In Seychelles all IBCs are exempted from tax, duty on income or profits, shareholders are also not subjected to tax on income derived from the IBCs in pursuant with the Seychelles IBC Act 2016.

In addition Seychelles IBC is exempted from any stamp duties on all transactions relating to its business. These include:

  • any transfers of property
  • any transactions in respect of shares, debt obligations
  • any other securities of the IBC

The only restriction is that the IBC should not undertake business activities within the Seychelles Territory, but it may enter into business with any other Seychelles IBC. The law makes provision for all exemptions of the Seychelles IBC to remain in force for a period of twenty years from the date of Incorporation of the IBC. Within the legal definitions of the IBC Act 2016, an IBC is a company that does not:

  • undertake business in Seychelles
  • Own Real Estate in Seychelles
  • Carry on business as an Insurance or a reinsurance company
  • Carry on the business of providing registered office for companies

However, it is permissible within the Act for an IBC to:

  • Make or maintain bank accounts and deposit in Seychelles
  • Maintain professional contact in Seychelles
  • Prepares or maintain books and records in Seychelles
  • Hold meetings of directors or members in Seychelles
  • Lease property for use as an office from which to communicate with members or where books and records can be kept
  • Hold bonds, treasury bills and other securities issued by the Government of Seychelles or Central Bank of Seychelles
  • Hold shares, debt obligations, or other securities in another Seychelles IBC or in a Seychelles Domestic Company
  • Let its shares be owned by a Seychelles resident, Seychelles IBC or Seychelles Domestic Company
  • Own or manage a vessel registered in Seychelles

Details of the beneficiary owners; directors and share holders are NOT made public. Documents held on public records of the Seychelles IBC are only the Memorandum and Article of Association, Certificate of Incorporation and Register of Directors.

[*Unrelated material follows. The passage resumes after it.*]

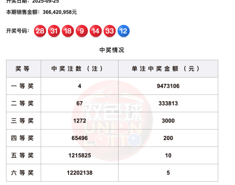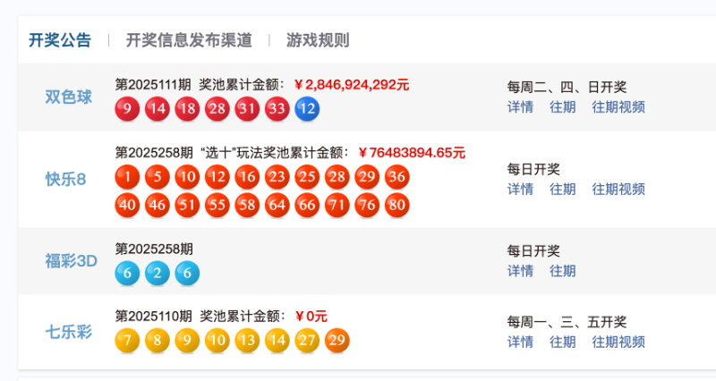 大皖新闻讯9月25日晚,中国福彩网更新彩票开奖公告。双色球、快乐8、福彩3D等玩法最新中奖号码出炉。其中,双色球第2025111期中奖号码为2831189143312,在全国开出4注一等奖,每注奖额9473106元。具体如下:

Seychelles remains one of the fastest IBC registries where new incorporation is done within 24 hours. A Seychelles IBC attracts a government fee of US$ 100 upon registration and per annum thereafter. This fee applies to all IBC regardless of its authorised share capital. This implies that any share capital required, you will pay government fee of US$100 only. It is not a requirement to have a minimum paid capital for the business to start operations. Any amount of authorized capital can be stated in the IBC formation documents.

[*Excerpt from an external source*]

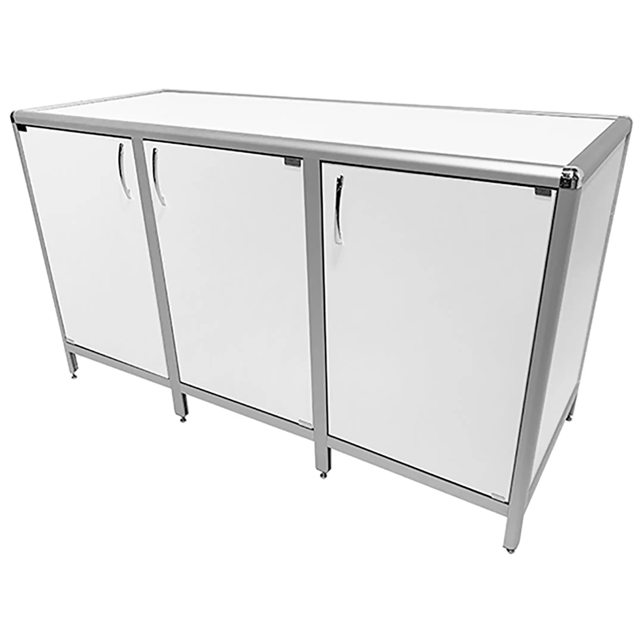 Стол-тумба лабораторная MED 12.018al (белый) — это функциональное решение для хранения лабораторного инвентаря, приборов и материалов в лабораториях и медицинских учреждениях. Модель оснащена тремя отделениями под столешницей, каждое с распашными дверками и полкой внутри (полки 467х545 мм). Каркас выполнен из алюминиевого профиля, столешница из ЛДСП толщиной 16 мм.

It is not a requirement for a Seychelles IBC to submit any financial accounts. The owners are free to prepare their accounts in any manner that would enable them to establish the financial position of the IBC with reasonable accuracy. These accounts have to be kept for 7 years.

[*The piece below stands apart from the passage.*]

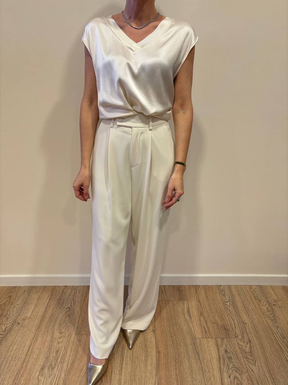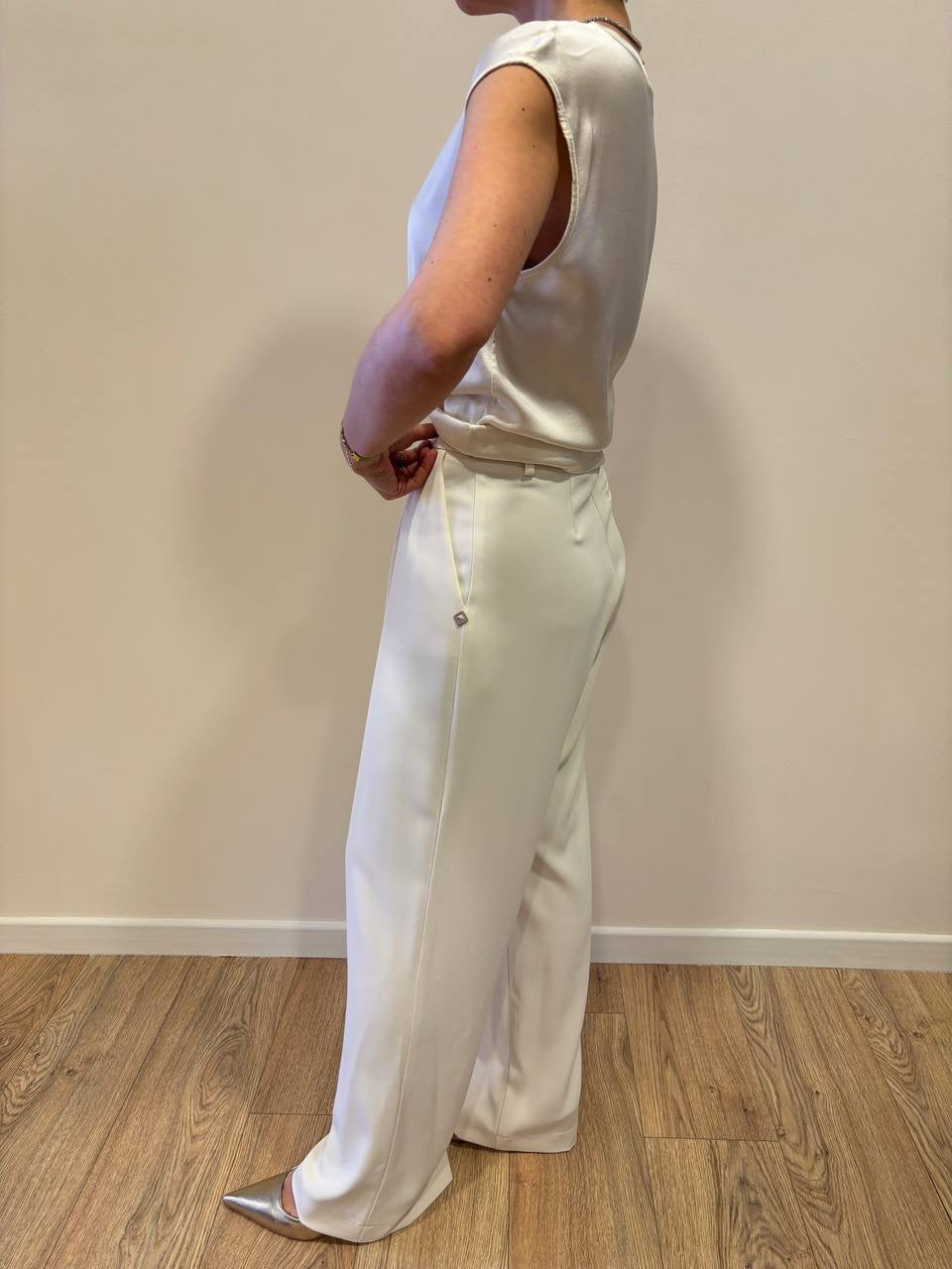 MEME ROAD - Pantalone a palazzo panna con pinces. Vita alta, vestibilità regolare.

A minimum of one shareholder, one director both of whom can be the same person is required for a Seychelles IBC. There is no need for local directors and local shareholders. It is also permissible for any corporate bodies or foreign individuals to be shareholders or directors of a Seychelles IBC. It is not a requirement for shareholders or directors to hold regular annual meeting and such meeting need not be held in Seychelles. Meeting can be held by telephone or other electronic means. Directors and shareholders have the option to vote by proxy should they chose to do so.

A Seychelles IBC may issue registered shares only.

The "restricted names" for a Seychelles IBC are those names that include the word "Assurance, Bank, Building Society, Chamber of Commerce, Chartered, Cooperative, Imperial, Insurance, Municipal, Trust, Foundation" or a word (s) conveying similar meaning, or any other word that, in the opinion of the Registrar, suggest or is interpreted to lead to the patronage of or any connection with Seychelles, or the Government of Seychelles, or with any other country or the Government of that country.

The Registrar may also refuse registration of a particular company name, if it is of the opinion that; such name is indecent, offensive, or otherwise objectionable or misleading.

The name of a Limited Company shall end with a word or abbreviation denoting a corporate body or limited liability. The most popular name endings include of words like "Limited, Corporation, Incorporated"; the words "Societe Anonyme, sociedad Animina" the abbreviation "Ltd, Corp, Inc, GmbH, AG, S.A." or several other word or words or abbreviation thereof.